Explaining his decision to rule the law unconstitutional, the judge said that the Supreme Court has previously upheld women’s right to an abortion before the fetus is “viable,” and “has clearly advised that a state legislature may never fix viability at a specific week but must instead leave this determination to doctors.”

“This decision is just a reminder of what the law is,” said Andrew Beck, an American Civil Liberties Union attorney who was on the legal team that challenged the law. “Politicians shouldn’t be meddling with women’s health in a way that’s actually illegal. This decision puts the health and well-being front and center.”

The judge ordered a stay of 60 days, giving the state a chance to appeal his ruling or put forth revised legislation.

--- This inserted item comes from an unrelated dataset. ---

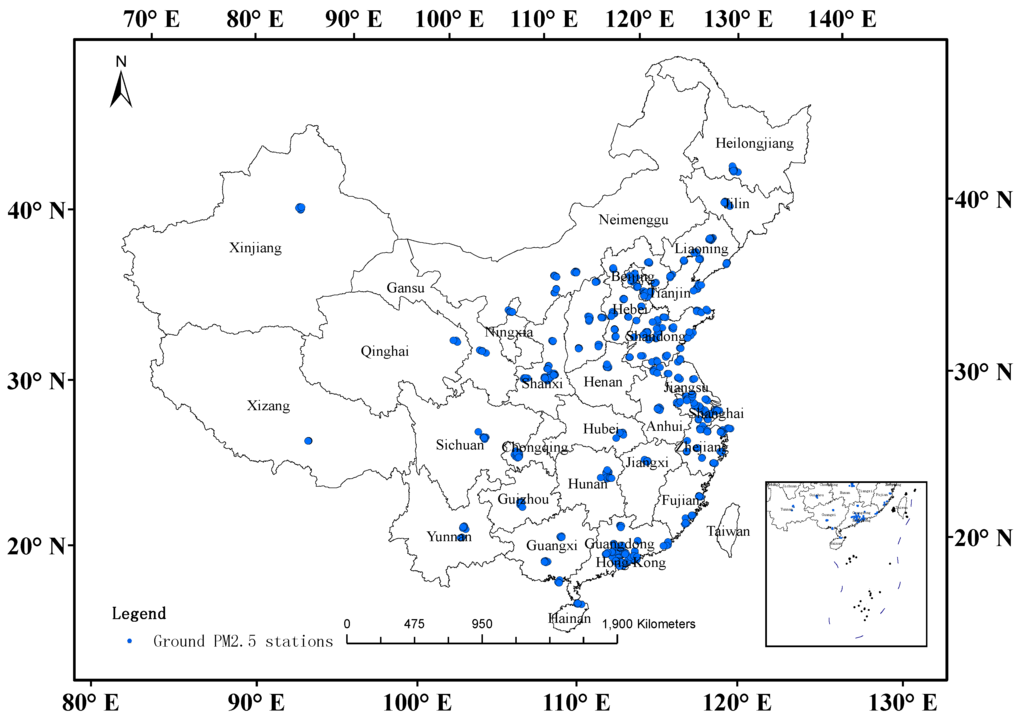 Numerous epidemiological studies have been conducted to determine the relationship between human health and fine particulate matter (PM2.5, particles with an aerodynamic diameter ≤ 2.5 μm), and have indicated that they are highly correlated; therefore, accurate and long-term PM2.5 data are very important for epidemiological studies [1,2,3,4]. Ground-level PM2.5 monitoring sites can provide accurate and real-time data. However, their spatial coverage is so limited that they are insufficient to capture the spatial variability of the PM2.5 concentrations for epidemiological studies [5,6].

But as NPR notes, the ruling nevertheless comes as a relief to abortion rights activists concerned about restrictive crackdowns on women’s reproductive rights in several states. Last week, for instance, Mississippi Governor Phil Bryant signed a law prohibiting abortions once a fetal heartbeat has been detected, which can happen as early as six weeks. Kentucky attempted to do the same earlier this month, but was temporarily blocked by a federal judge.

“Given that there is so much anticipation that the court will undermine or overturn Roe v. Wade,” said Elizabeth Nash, a state issues manager at the Guttmacher Institute, “it is reassuring to see the North Carolina 20-week abortion ban struck down.”